(Data extract Opens)
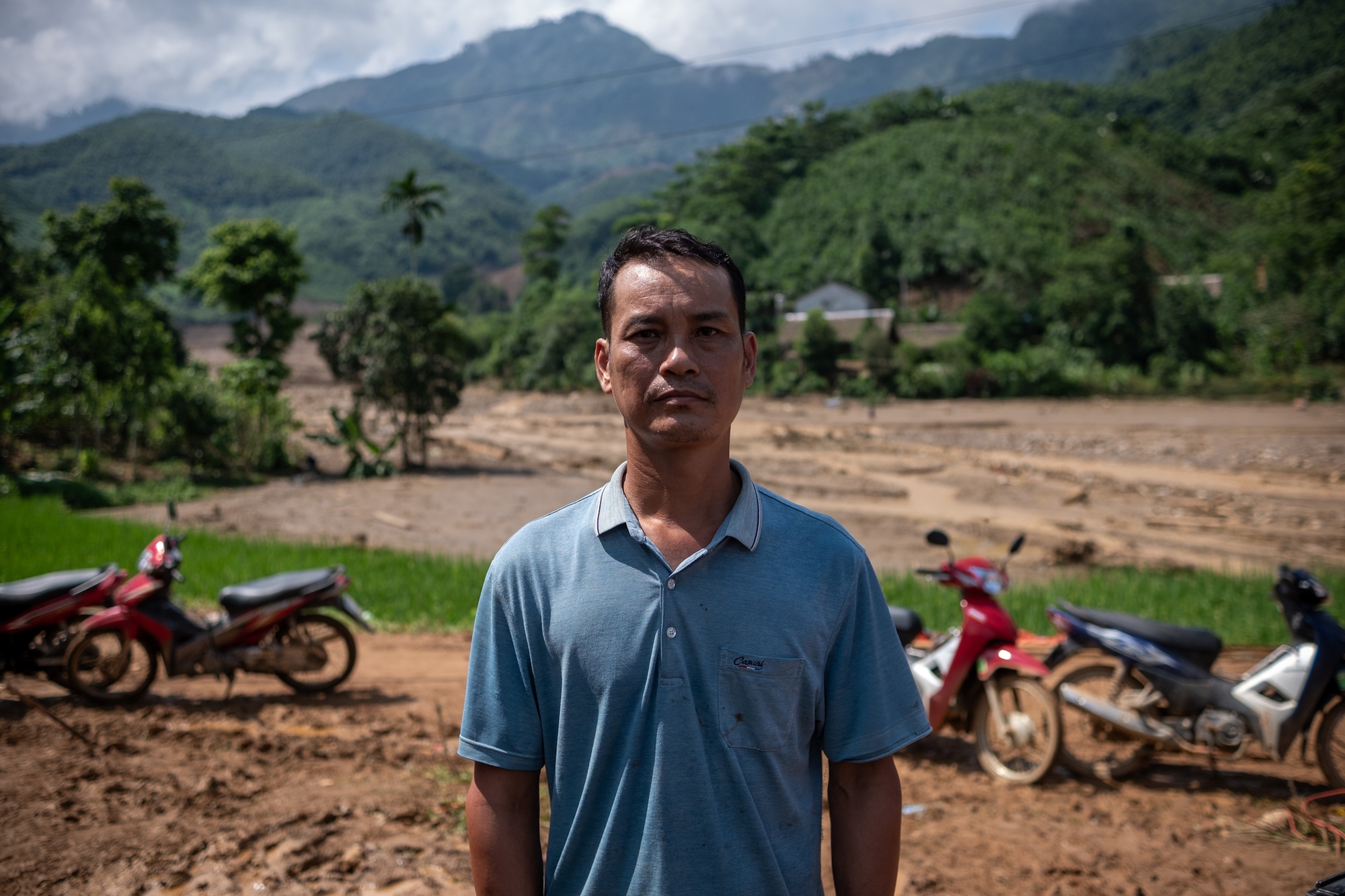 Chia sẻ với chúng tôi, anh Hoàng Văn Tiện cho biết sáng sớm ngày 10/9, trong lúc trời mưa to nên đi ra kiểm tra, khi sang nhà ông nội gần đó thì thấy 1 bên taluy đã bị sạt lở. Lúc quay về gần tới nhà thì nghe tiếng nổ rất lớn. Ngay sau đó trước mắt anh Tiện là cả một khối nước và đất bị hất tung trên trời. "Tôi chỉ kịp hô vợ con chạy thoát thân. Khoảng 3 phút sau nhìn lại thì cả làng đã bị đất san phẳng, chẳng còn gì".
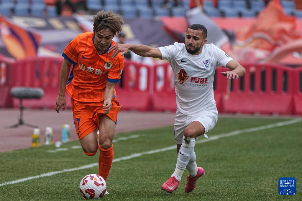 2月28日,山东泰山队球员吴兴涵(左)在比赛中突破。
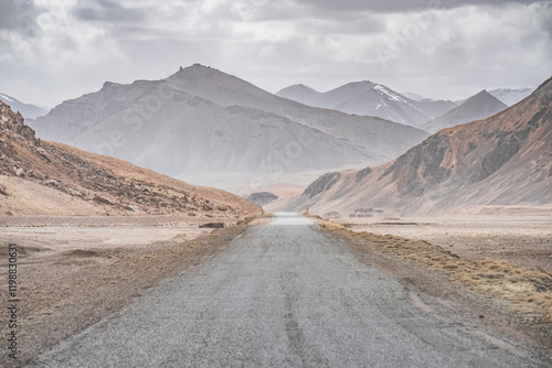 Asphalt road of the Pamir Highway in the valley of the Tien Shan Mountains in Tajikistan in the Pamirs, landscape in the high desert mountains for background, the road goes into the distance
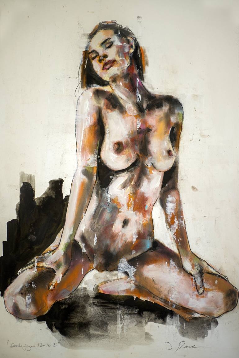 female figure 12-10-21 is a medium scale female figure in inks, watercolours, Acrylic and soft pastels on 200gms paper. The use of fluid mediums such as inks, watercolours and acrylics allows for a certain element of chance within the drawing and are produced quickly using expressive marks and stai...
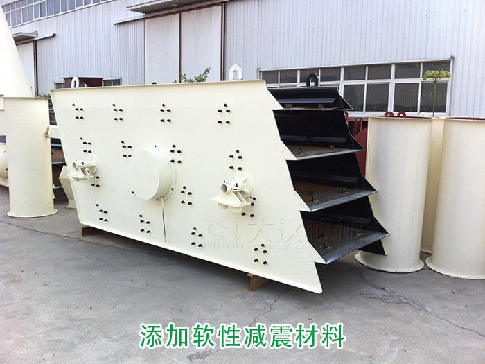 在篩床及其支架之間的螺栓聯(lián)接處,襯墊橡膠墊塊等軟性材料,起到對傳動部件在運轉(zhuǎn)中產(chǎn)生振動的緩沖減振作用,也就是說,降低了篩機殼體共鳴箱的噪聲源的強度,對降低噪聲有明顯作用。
(Data extract Closes)
Required action:
A verbatim copy of the records is expected, from their first line through the line with "Asphalt road of", inclusive, with the pictures removed.

Answer to the problem:
 Chia sẻ với chúng tôi, anh Hoàng Văn Tiện cho biết sáng sớm ngày 10/9, trong lúc trời mưa to nên đi ra kiểm tra, khi sang nhà ông nội gần đó thì thấy 1 bên taluy đã bị sạt lở. Lúc quay về gần tới nhà thì nghe tiếng nổ rất lớn. Ngay sau đó trước mắt anh Tiện là cả một khối nước và đất bị hất tung trên trời. "Tôi chỉ kịp hô vợ con chạy thoát thân. Khoảng 3 phút sau nhìn lại thì cả làng đã bị đất san phẳng, chẳng còn gì".
 2月28日,山东泰山队球员吴兴涵(左)在比赛中突破。
 Asphalt road of the Pamir Highway in the valley of the Tien Shan Mountains in Tajikistan in the Pamirs, landscape in the high desert mountains for background, the road goes into the distance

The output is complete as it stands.